The multiple linear regression analysis aimed to explore the relationship between patient satisfaction (Y) and independent variables, patient’s age (x1) and anxiety level (x3). The analysis was conducted on a sample size of 46 patients. The study encompassed data from 46 patients, providing a robust foundation for the multiple linear regression analysis. In the final model, the regression coefficients for patient’s age (x1) and anxiety level (x3) were estimated at -1.2005 (95% CI [-1.6121, -0.7889]) and -16.7421 (95% CI [-29.0052, -4.4789]) respectively. These coefficients signify the expected change in patient satisfaction for a one-unit increase in the corresponding independent variable, holding other variables constant.

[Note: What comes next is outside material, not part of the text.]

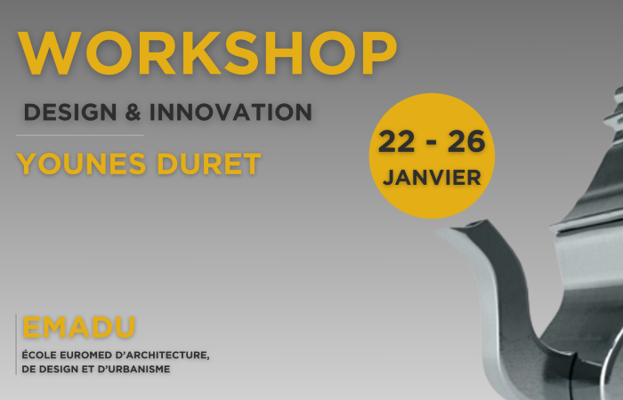 L’École Euromed d’Architecture, de Design et d’Urbanisme organise au nom de son département de Design un workshop qui s’étale sur la semaine du 22, jusqu’au 26 janvier 2024. Ce workshop est encadré par le designer maro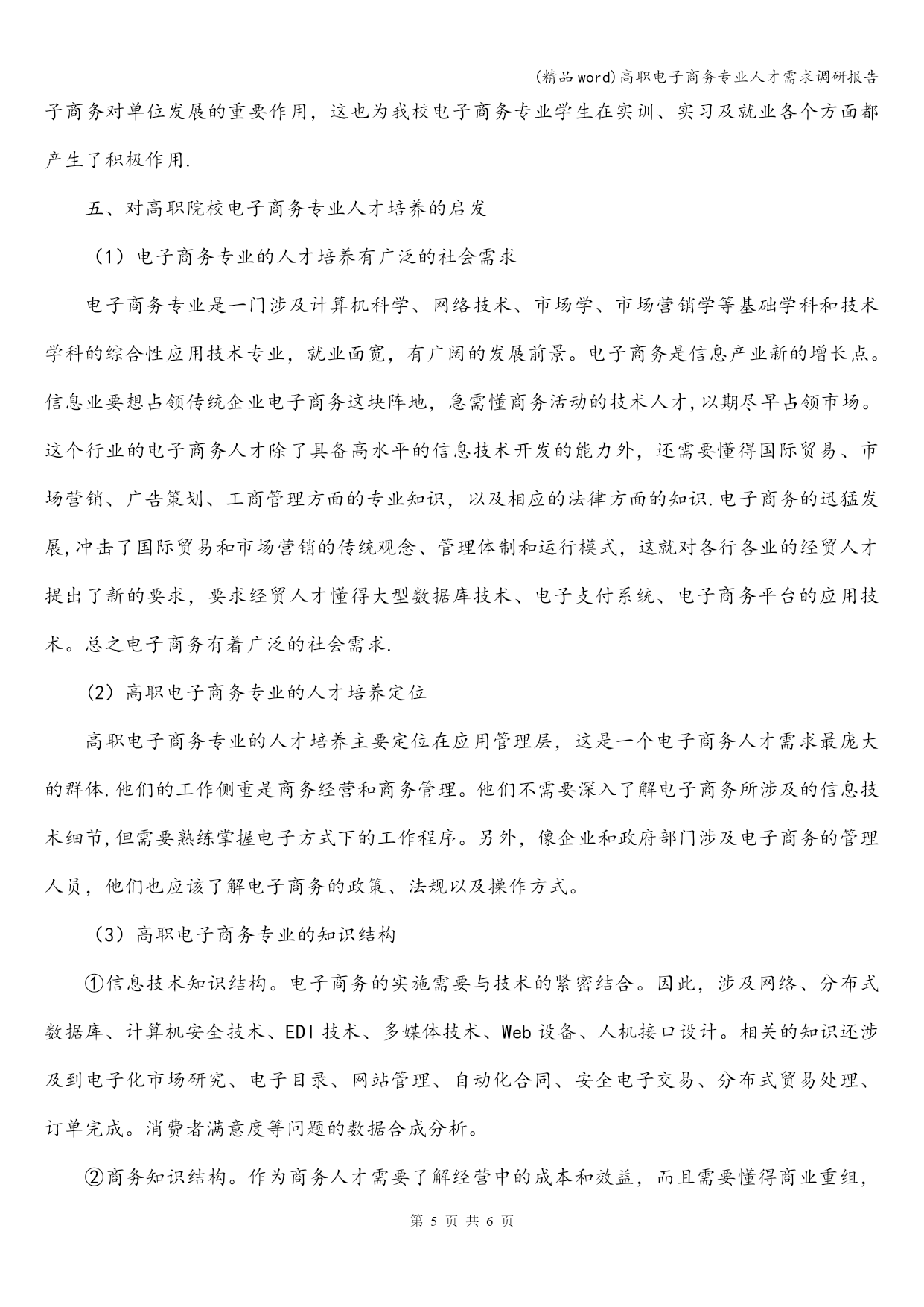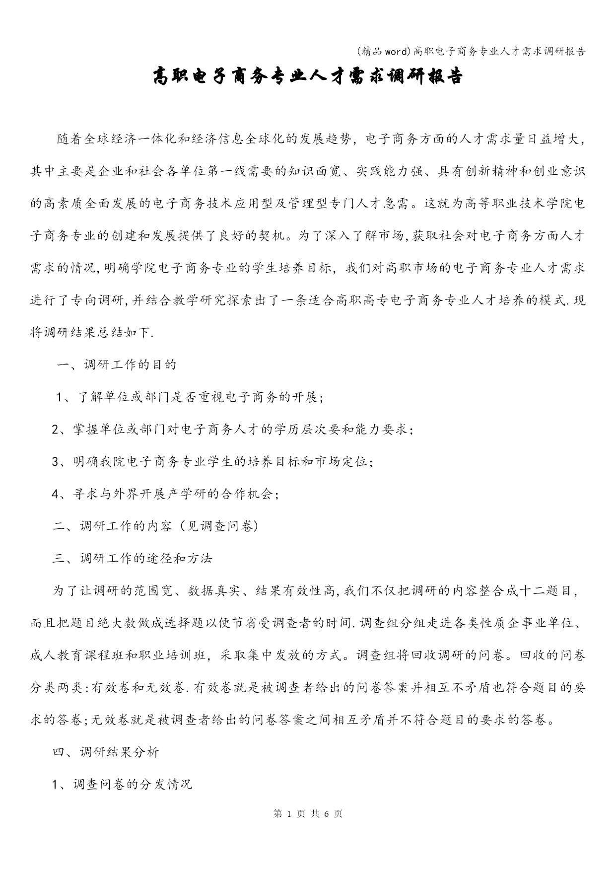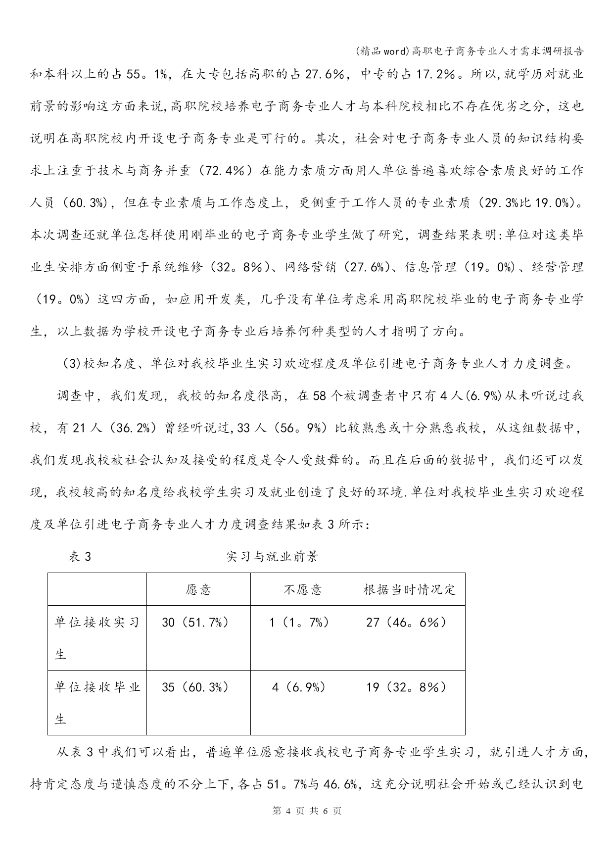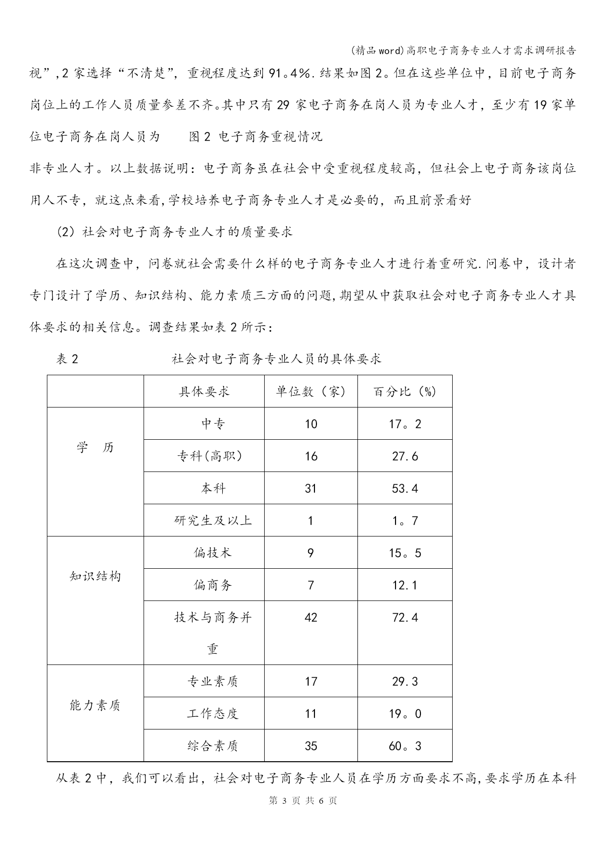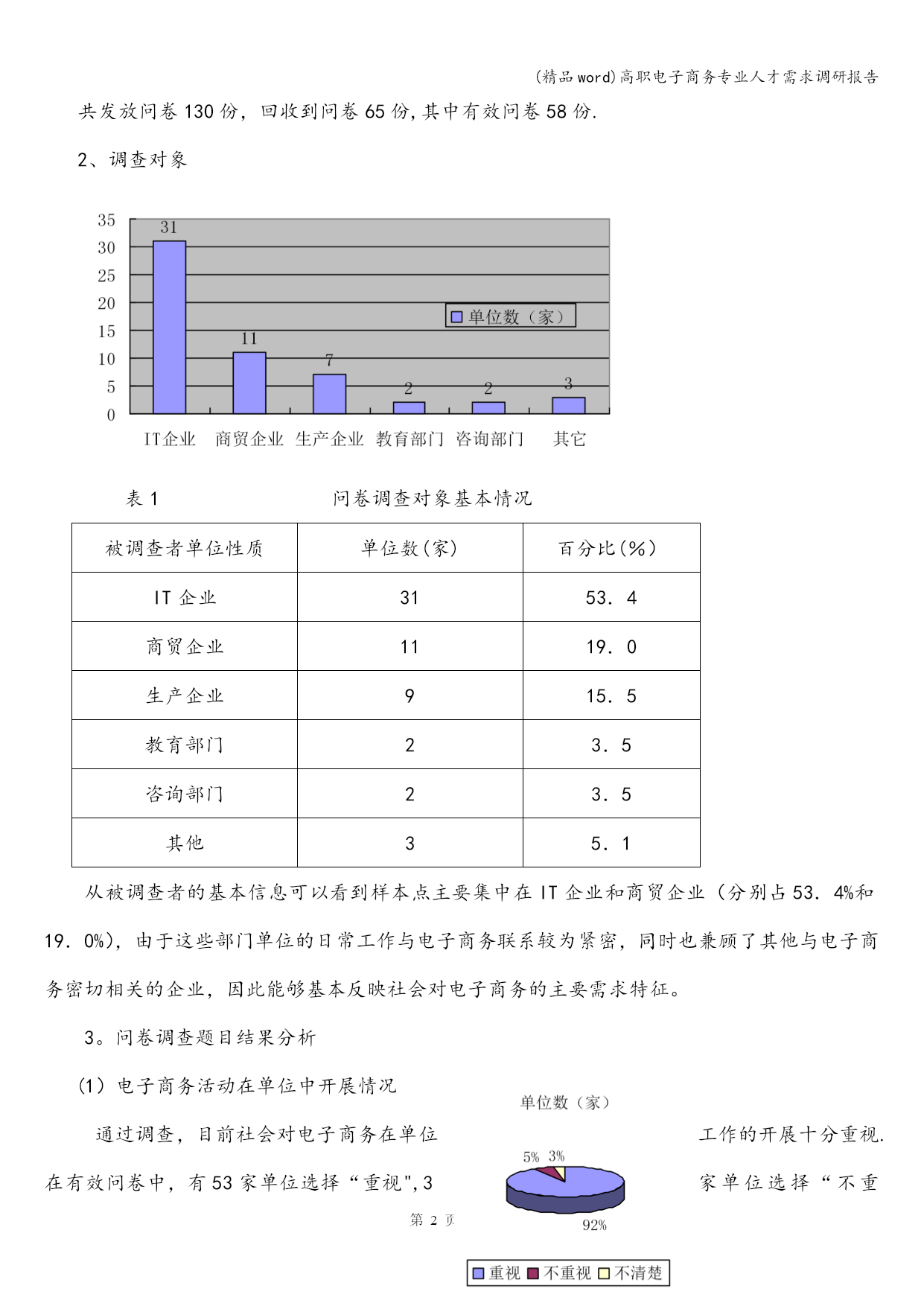 (精品word)高职电子商务专业人才需求调研报告 (精品word)高职电子商务专业人才需求调研报告 母亲通情达理,也鼓励他儿子奋勇杀敌,岳飞参军时,岳飞母亲在他背上刺上了“精忠报国”四个醒目大字,后来,英勇奋战的岳飞建立起了属于自己的部落岳家军,他们不屈不挠,喊着愤慨激昂慷慨的口号奋勇杀 母亲通情达理,也鼓励他儿子奋勇杀敌,岳飞参军时,岳飞母亲在他背上刺上了“精忠报国”四个醒目大字,后来,英勇奋战的岳飞建立起了属于自己的部落岳家军,他们不屈不挠,喊着愤慨激昂慷慨的口号奋勇杀第页共NUMPAGES6页 (精品word)高职电子商务专业人才需求调研报告 母亲通情达理,也鼓励他儿子奋勇杀敌,岳飞参军时,岳飞母亲在他背上刺上了“精忠报国”四个醒目大字,后来,英勇奋战的岳飞建立起了属于自己的部落岳家军,他们不屈不挠,喊着愤慨激昂慷慨的口号奋勇杀 高职电子商务专业人才需求调研报告 随着全球经济一体化和经济信息全球化的发展趋势,电子商务方面的人才需求量日益增大,其中主要是企业和社会各单位第一线需要的知识面宽、实践能力强、具有创新精神和创业意识的高素质全面发展的电子商务技术应用型及管理型专门人才急需。这就为高等职业技术学院电子商务专业的创建和发展提供了良好的契机。为了深入了解市场,获取社会对电子商务方面人才需求的情况,明确学院电子商务专业的学生培养目标,我们对高职市场的电子商务专业人才需求进行了专向调研,并结合教学研究探索出了一条适合高职高专电子商务专业人才培养的模式.现将调研结果总结如下. 一、调研工作的目的 1、了解单位或部门是否重视电子商务的开展; 2、掌握单位或部门对电子商务人才的学历层次要和能力要求; 3、明确我院电子商务专业学生的培养目标和市场定位; 4、寻求与外界开展产学研的合作机会; 二、调研工作的内容(见调查问卷) 三、调研工作的途径和方法 为了让调研的范围宽、数据真实、结果有效性高,我们不仅把调研的内容整合成十二题目,而且把题目绝大数做成选择题以便节省受调查者的时间.调查组分组走进各类性质企事业单位、成人教育课程班和职业培训班,采取集中发放的方式。调查组将回收调研的问卷。回收的问卷分类两类:有效卷和无效卷.有效卷就是被调查者给出的问卷答案并相互不矛盾也符合题目的要求的答卷;无效卷就是被调查者给出的问卷答案之间相互矛盾并不符合题目的要求的答卷。 四、调研结果分析 1、调查问卷的分发情况 共发放问卷130份,回收到问卷65份,其中有效问卷58份. 2、调查对象 表1问卷调查对象基本情况 被调查者单位性质单位数(家)百分比(%)IT企业3153.4商贸企业1119.0生产企业915.5教育部门23.5咨询部门23.5其他35.1从被调查者的基本信息可以看到样本点主要集中在IT企业和商贸企业(分别占53.4%和19.0%),由于这些部门单位的日常工作与电子商务联系较为紧密,同时也兼顾了其他与电子商务密切相关的企业,因此能够基本反映社会对电子商务的主要需求特征。 3。问卷调查题目结果分析 (1)电子商务活动在单位中开展情况 通过调查,目前社会对电子商务在单位工作的开展十分重视.在有效问卷中,有53家单位选择“重视",3家单位选择“不重视”,2家选择“不清楚”,重视程度达到91。4%.结果如图2。但在这些单位中,目前电子商务岗位上的工作人员质量参差不齐。其中只有29家电子商务在岗人员为专业人才,至少有19家单位电子商务在岗人员为图2电子商务重视情况 非专业人才。以上数据说明:电子商务虽在社会中受重视程度较高,但社会上电子商务该岗位用人不专,就这点来看,学校培养电子商务专业人才是必要的,而且前景看好 (2)社会对电子商务专业人才的质量要求 在这次调查中,问卷就社会需要什么样的电子商务专业人才进行着重研究.问卷中,设计者专门设计了学历、知识结构、能力素质三方面的问题,期望从中获取社会对电子商务专业人才具体要求的相关信息。调查结果如表2所示: 表2社会对电子商务专业人员的具体要求 具体要求单位数(家)百分比(%) 学历 中专1017。2专科(高职)1627.6本科3153.4研究生及以上11。7 知识结构 偏技术915。5偏商务712.1技术与商务并重4272.4 能力素质 专业素质1729.3工作态度1119。0综合素质3560。3从表2中,我们可以看出,社会对电子商务专业人员在学历方面要求不高,要求学历在本科和本科以上的占55。1%,在大专包括高职的占27.6%,中专的占17.2%。所以,就学历对就业前景的影响这方面来说,高职院校培养电子商务专业人才与本科院校相比不存在优劣之分,这也说明在高职院校内开设电子商务专业是可行的。其次,社会对电子商务专业人员的知识结构要求上注重于技术与商务并重(72.4%)在能力素质方面用人单位普遍

The p-values associated with patient’s age (x1) and anxiety level (x3) were both statistically significant (p < 0.05), indicating a significant impact on patient satisfaction. The coefficient of determination (R-squared) was found to be 0.6761, suggesting that approximately 67.61% of the variance in patient satisfaction could be explained by the combined influence of patient’s age and anxiety level. The adjusted R-squared, accounting for the number of predictors, was 0.661. Assumption checks were meticulously conducted. Linearity, equality of variance, normality, and linearity of independent variables were assessed and confirmed. The residuals displayed a reasonable distribution.

Variable selection procedures (forward selection, backward selection, and stepwise) unanimously identified that severity of illness (noted as data1$x2) was not a significant predictor and was consequently excluded from the model. Interaction tests between patient’s age and anxiety level did not reveal any significant interaction effects. A multicollinearity test confirmed the absence of multicollinearity issues among the independent variables. The analysis was conducted using the lm function in R.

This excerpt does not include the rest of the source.